**Given data:**
□ □ □ □ □
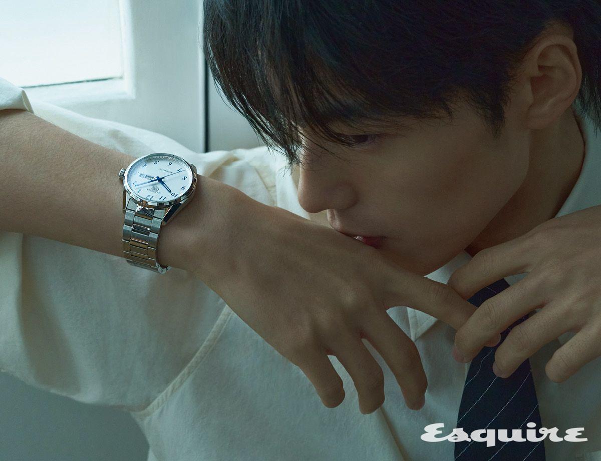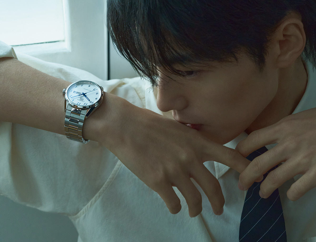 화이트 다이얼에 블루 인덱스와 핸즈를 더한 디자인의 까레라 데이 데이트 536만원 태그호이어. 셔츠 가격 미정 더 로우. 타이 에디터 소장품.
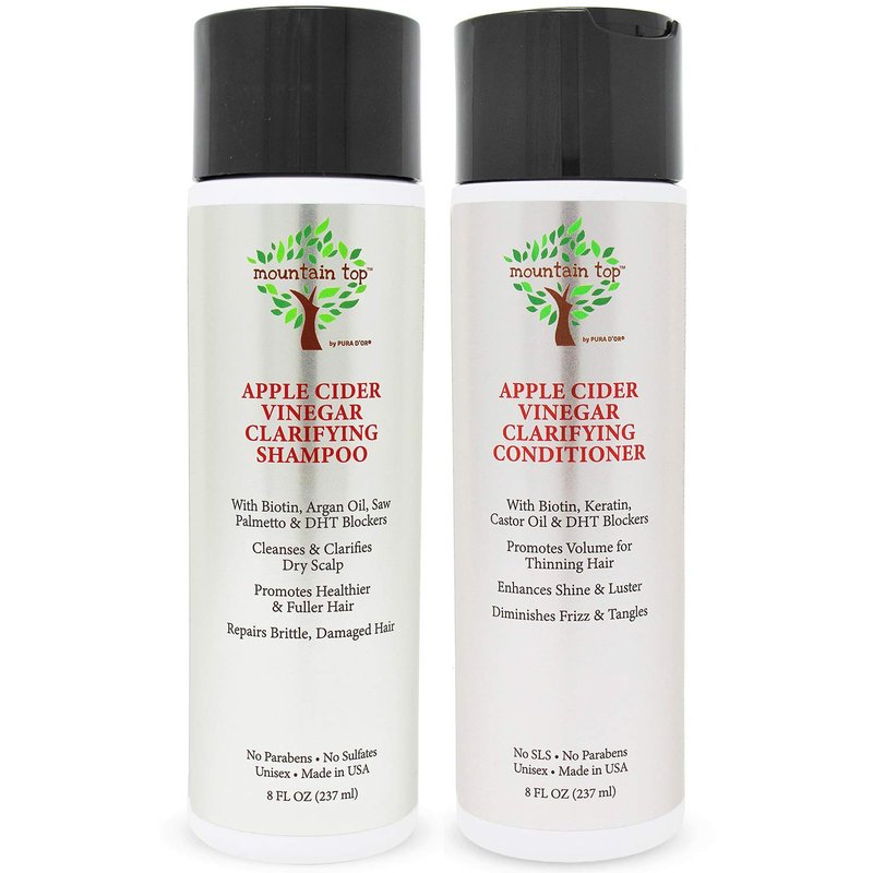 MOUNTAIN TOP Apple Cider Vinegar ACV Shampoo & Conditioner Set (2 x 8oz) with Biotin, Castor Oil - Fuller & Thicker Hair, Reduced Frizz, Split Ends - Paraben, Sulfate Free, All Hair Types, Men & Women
□ □ □ □ □
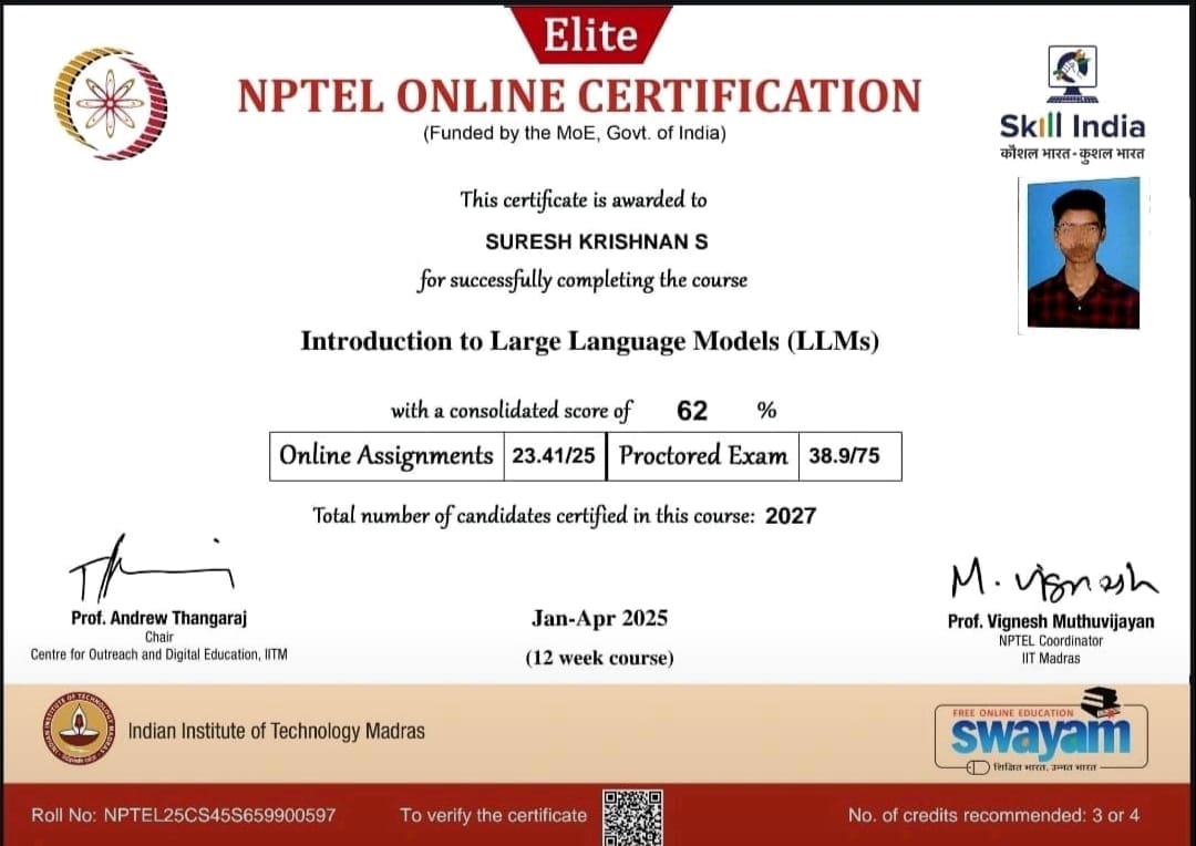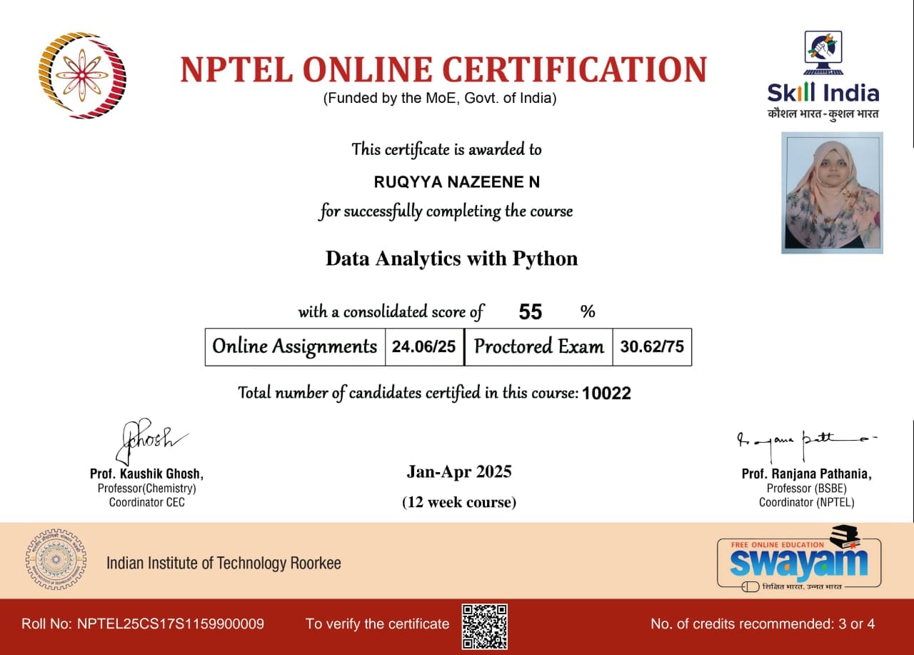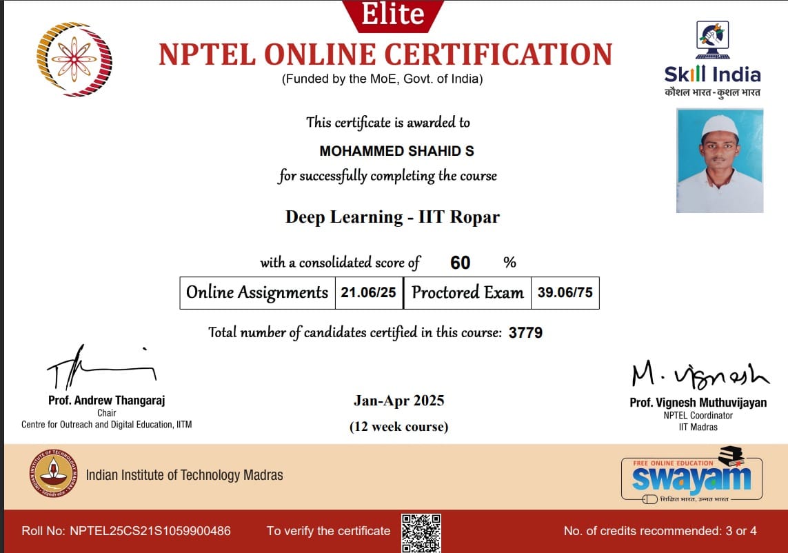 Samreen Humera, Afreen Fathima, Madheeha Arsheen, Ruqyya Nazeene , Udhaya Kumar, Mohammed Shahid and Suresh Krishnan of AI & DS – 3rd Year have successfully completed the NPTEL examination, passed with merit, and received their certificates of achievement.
□ □ □ □ □
**Exercise goal:**
Copy the lines above exactly, starting with the line that contains "화이트 다이얼에 블루" and ending with the line that contains "MOUNTAIN TOP Apple", and leave out any pictures.

**Exercise result:**
 화이트 다이얼에 블루 인덱스와 핸즈를 더한 디자인의 까레라 데이 데이트 536만원 태그호이어. 셔츠 가격 미정 더 로우. 타이 에디터 소장품.
 MOUNTAIN TOP Apple Cider Vinegar ACV Shampoo & Conditioner Set (2 x 8oz) with Biotin, Castor Oil - Fuller & Thicker Hair, Reduced Frizz, Split Ends - Paraben, Sulfate Free, All Hair Types, Men & Women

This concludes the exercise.